The Koch snowflake (also known as the Koch star and Koch island[1]) is a mathematical curve and one of the earliest fractal curves to have been described. It is based on the Koch curve, which appeared in a 1904 paper titled "On a continuous curve without tangents, constructible from elementary geometry" (original French title: "Sur une courbe continue sans tangente, obtenue par une construction géométrique élémentaire") by the Swedish mathematician Helge von Koch.

Construction

The Koch snowflake can be constructed by starting with an equilateral triangle, then recursively altering each line segment as follows:

1. divide the line segment into three segments of equal length.
2. draw an equilateral triangle that has the middle segment from step 1 as its base and points outward.
3. remove the line segment that is the base of the triangle from step 2.

After one iteration of this process, the result is a shape similar to the Star of David.

The Koch snowflake is the limit approached as the above steps are followed over and over again. The Koch curve originally described by Koch is constructed with only one of the three sides of the original triangle. In other words, three Koch curves make a Koch snowflake.

Properties

The Koch curve has an infinite length because each time the steps above are performed on each line segment of the figure there are four times as many line segments, the length of each being one-third the length of the segments in the previous stage. Hence, the total length increases by one third and thus the length at step n will be (4/3)n of the original triangle perimeter: the fractal dimension is log 4/log 3 ≈ 1.26, greater than the dimension of a line (1) but less than Peano's space-filling curve (2).
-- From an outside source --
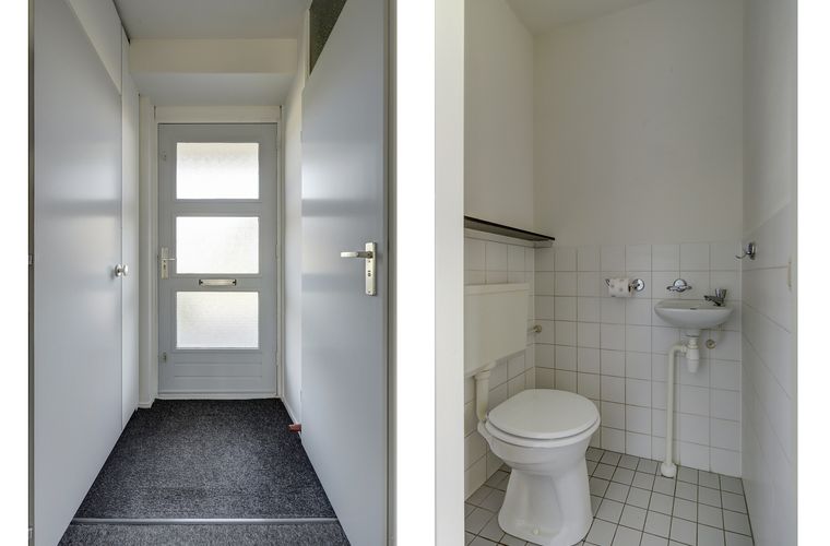 Begane grond: entree; hal met meterkast; toilet met fonteintje; toegang tot de inpandige garage met witgoedaansluitingen; trapopgang naar de verdieping; doorloop naar de ruime woonkamer met trapkast en schuifpui naar het terras en de achtertuin; eetkamer met veel lichtinval; keuken aan de voorzijde voorzien van spoelbak, losstaande vaatwasser, losstaand fornuis en losstaande koelkast met vriezer.

The Koch curve is continuous everywhere but differentiable nowhere.

Taking s as the side length, the original triangle area is $\frac{s^2\sqrt{3}}{4}$ . The side length of each successive small triangle is 1/3 of those in the previous iteration; because the area of the added triangles is proportional to the square of its side length, the area of each triangle added in the nth step is 1/9 of that in the (n-1)th step. In each iteration after the first, 4 times as many triangles are added as in the previous iteration; because the first iteration adds 3 triangles then the nth iteration will add $3 \cdot 4^{n-1}$ triangles. Combining these two formulae gives the iteration formula:

$A_{n+1} = A_n + \frac{3 \cdot 4^{n-1}}{9^n}A_0\quad n \ge 1 \, ,$

where A0 is area of the original triangle. Substituting in

$A_1 = \frac{4}{3} A_0 \, ,$

and expanding yields:

$A_{n+1} = \frac{4}{3} A_0 + \sum_{k=2}^n \frac{3 \cdot 4^{k-1}}{9^k} A_0 = (\frac{4}{3} + \frac{1}{3} \sum_{k=2}^n 3\frac{3 \cdot 4^{k-1}}{9^k}) A_0 =(\frac{4}{3} + \frac{1}{3} \sum_{k=2}^n \frac{9 \cdot 4^{k-1}}{9^k}) A_0 = \left (\frac{4}{3} + \frac{1}{3} \sum_{k=1}^n \frac{4^{k}}{9^k} \right ) A_0 \, .$

In the limit, as n goes to infinity, the limit of the sum of the powers of 4/9 is 4/5, so

$\lim_{n \rightarrow \infty} A_n = \left( \frac{4}{3} + \frac{1}{3} \cdot \frac{4}{5} \right ) A_0 = \frac{8}{5} A_0 \, .$

So the area of a Koch snowflake is 8/5 of the area of the original triangle, or $\frac{2s^2\sqrt{3}}{5}$.[2] Therefore the infinite perimeter of the Koch triangle encloses a finite area.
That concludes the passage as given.